-- AVAILABLE RECORDS --
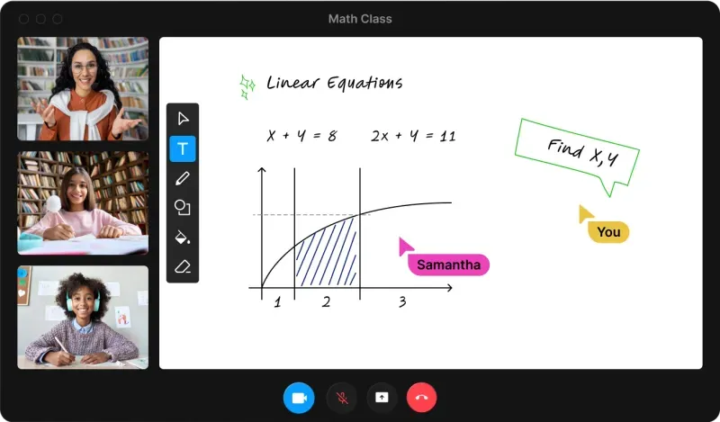 - Complete set of tools: Create a comprehensive online classroom experience with a robust set of online whiteboard collaboration tools such as drawing tools, erasers, undo/redo, text formatting, laser pointer, keyboard shortcuts, view control, and more.
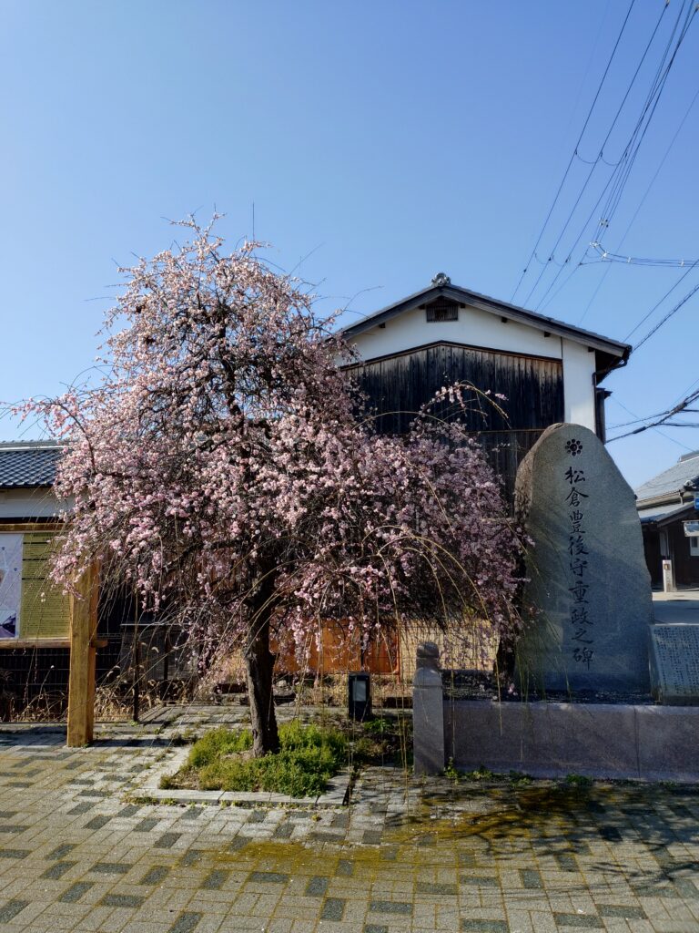 きれいな梅の木につられて見てみると、立派な碑がありました。この松倉豊後守重政氏は、江戸時代に二見城主になった人で、新町の礎を築き、人々に慕われたそうです。すぐそばに新町松倉公園もあるのですが、そこの桜はかなり立派なもので、春になると訪れる人が絶えません。
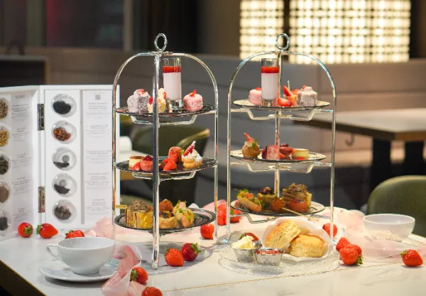Available from February 1 to March 15, this limited-time experience features delicately crafted strawberry-inspired sweets and sophisticated savoury bites, offering a moment of quiet indulgence high above the city.
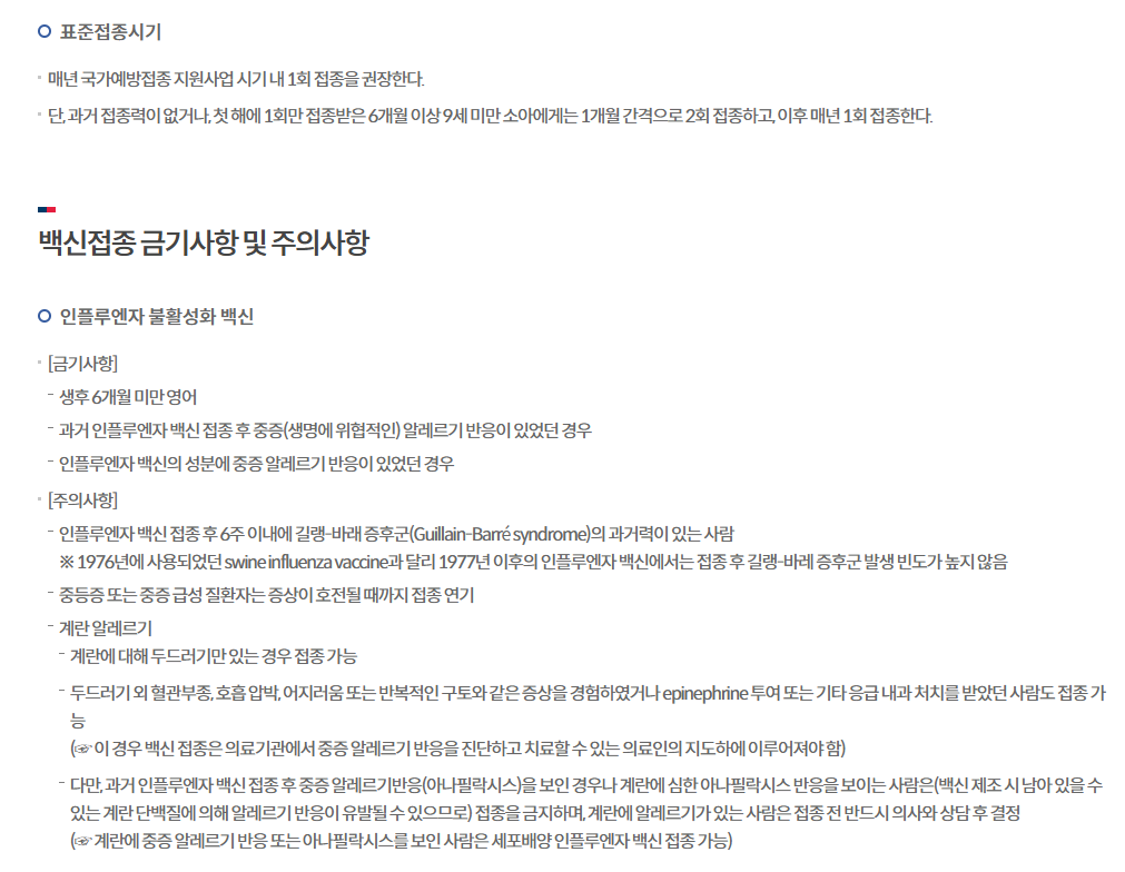 백신접종 금기사항 및 주의사항에 대해서는 질병관리청 홈페이지에 자세하게 나와 있습니다. 예방접종을 받으시면 안되는 분들, 연기해야 하는 분들의 기준에 대해서 안내되어 있고, 기타 표준접종시기 등도 확인하실 수 있으니 예방접종 받으시기 전에 꼭 확인하시고 가시기 바라겠습니다.
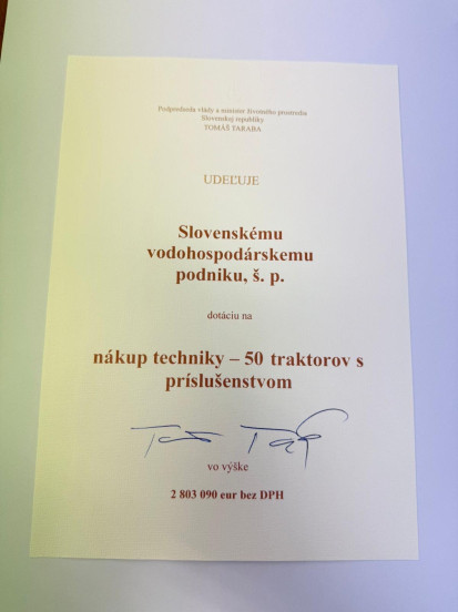 SLOVENSKÝ VODOHOSPODÁRSKY PODNIK, štátny podnik (ďalej len SVP, š. p.) v roku 2025 realizoval obnovu časti technického vybavenia prostredníctvom nákupu 50 kusov kolesových traktorov s príslušenstvom, určených na výkon činností súvisiacich so správou a údržbou vodných tokov a vodných stavieb.

-- EXERCISE --
Copy the records word for word, leaving no picture in the copy.

-- OUTPUT FOR THIS TASK --
 - Complete set of tools: Create a comprehensive online classroom experience with a robust set of online whiteboard collaboration tools such as drawing tools, erasers, undo/redo, text formatting, laser pointer, keyboard shortcuts, view control, and more.
 きれいな梅の木につられて見てみると、立派な碑がありました。この松倉豊後守重政氏は、江戸時代に二見城主になった人で、新町の礎を築き、人々に慕われたそうです。すぐそばに新町松倉公園もあるのですが、そこの桜はかなり立派なもので、春になると訪れる人が絶えません。
Available from February 1 to March 15, this limited-time experience features delicately crafted strawberry-inspired sweets and sophisticated savoury bites, offering a moment of quiet indulgence high above the city.
 백신접종 금기사항 및 주의사항에 대해서는 질병관리청 홈페이지에 자세하게 나와 있습니다. 예방접종을 받으시면 안되는 분들, 연기해야 하는 분들의 기준에 대해서 안내되어 있고, 기타 표준접종시기 등도 확인하실 수 있으니 예방접종 받으시기 전에 꼭 확인하시고 가시기 바라겠습니다.
 SLOVENSKÝ VODOHOSPODÁRSKY PODNIK, štátny podnik (ďalej len SVP, š. p.) v roku 2025 realizoval obnovu časti technického vybavenia prostredníctvom nákupu 50 kusov kolesových traktorov s príslušenstvom, určených na výkon činností súvisiacich so správou a údržbou vodných tokov a vodných stavieb.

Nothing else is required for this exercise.